News & Updates
Environmental Justice Organisations Liabilities and Trade
April 21, 2014
Hear the term conflict resolution and it usually brings to mind parties involved in armed conflict. The violence and intensity of these situations commands our attention. The global community has evolved diplomatic, economic and other interventions to help opposing parties step back from violence and negotiate solutions to their differences. However, we are often less equipped to deal with very serious, but non-military, conflicts arising from unresolved global issues like climate change.
Perhaps it is because the events contributing to climate change and environmental degradation are more diffuse, slower moving and have consequences that are further in the future. The Intergovernmental Panel on Climate Change has warned that the economic disruptions engendered by climate change could lead to armed conflict. Yet there has been no consensus on how to move forward. Environmental conflicts play out in locales across the world, often without much media attention. We have few at our disposal to help us grasp the scope and nature of the problem. But that may be changing.

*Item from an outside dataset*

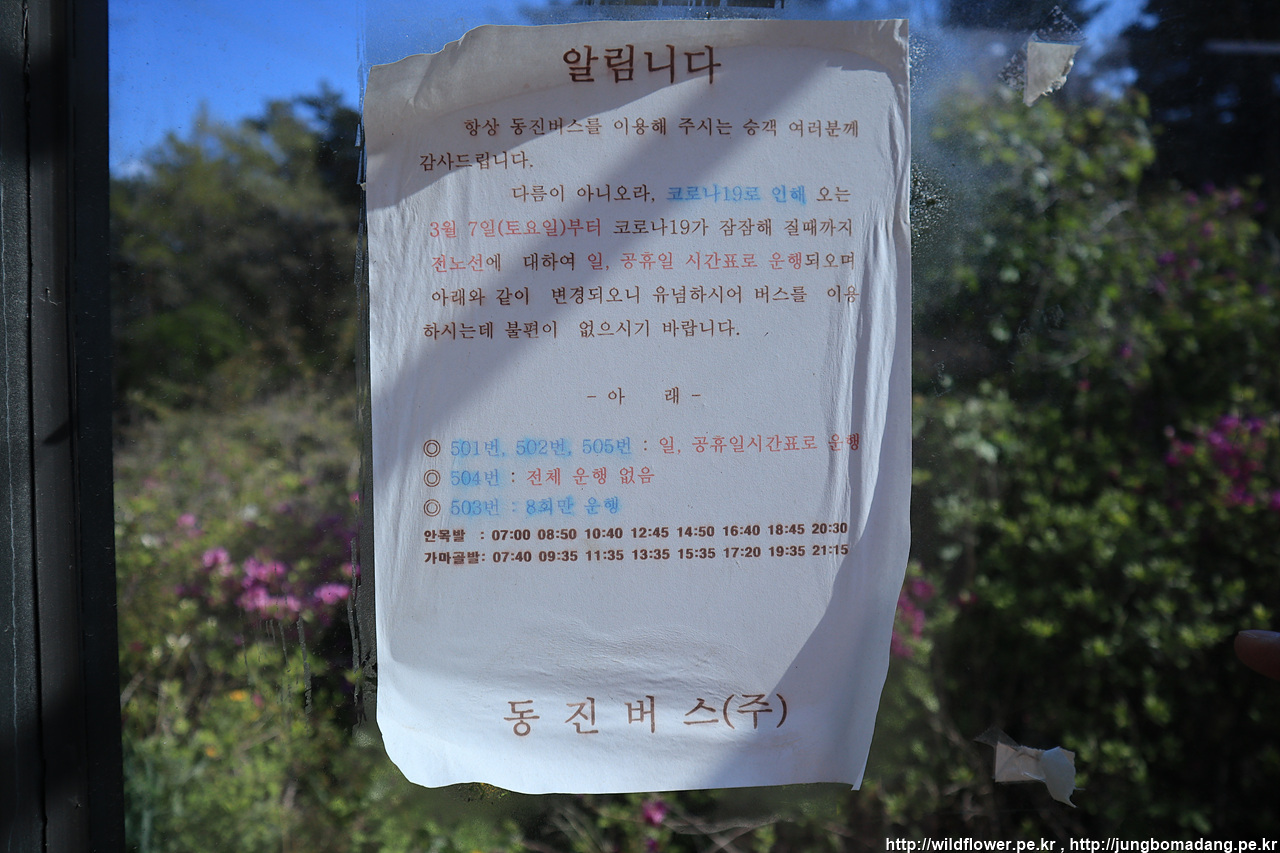 그리고 우측에 이렇게 중국 우한발 폐렴이 창궐한 요즘 시기에 적용되는 시간표입니다. 15시 35분 뒤에 2시간 후인 17시 20분에 버스가 있는 데, 첨엔 17시 20분 버스를 생각했다가 웬지 가능할 거 같아서 미친듯이 걸어서 15시 35분 버스 15분 전에 도착했네요.

The Environmental Justice Atlas is a new online tool that maps locations where environmental conflicts currently exist (see the atlas at http://ejatlas.org/) It was introduced the week of March 17th and is invaluable for those who study environmentally-based conflicts. The Environmental Justice Atlas was funded by the European Commission and built by Environmental Justice Organisations, Liabilities and Trade (EJOLT). There are 915 conflicts currently covered. “It’s only the tip of the iceberg,” says Nick Meynen, EJOLT spokesman. The group’s goal is to expand the initial coverage to 2,000 conflicts in the coming year. (Science, 28 March 2014, Vol. 343, p. 1413)
The tool uses a global map to highlight the hotspots of environmental conflict. A set of 100 filters covering categories such as Country, Company, Commodity, and Type let even environmental novices easily pinpoint specific sites of conflict and their origins. Though easy to use, the Environmental Justice Atlas is designed with a depth of information that will be appreciated by academicians and activists alike. The tool is also available to the public. Sites of environmental conflict are color coded to make it easy for the user to discern the type of environmental threat that exists at a specific location. In the U.S. for example, there are 35 sites of environmental conflict identified and described in detail.
The genius of this tool is that it simultaneously gives us the global picture of environmental threats and also lets us quickly get to the details of situations needing our attention. It is an open tool. Academics can provide input to expand the range of cases and fill in gaps. As the tool evolves, it may become a political force that makes it more difficult for politicians around the globe to ignore or defer action on environmental issues.
The stakes are high, especially for future generations who have no voice now in the decisions being made to avert catastrophic environmental damage from climate change, as well as potential armed conflict driven by these disruptive forces. Tools like the Environmental Justice Atlas can help focus our attention, avoid indecision, and make informed choices.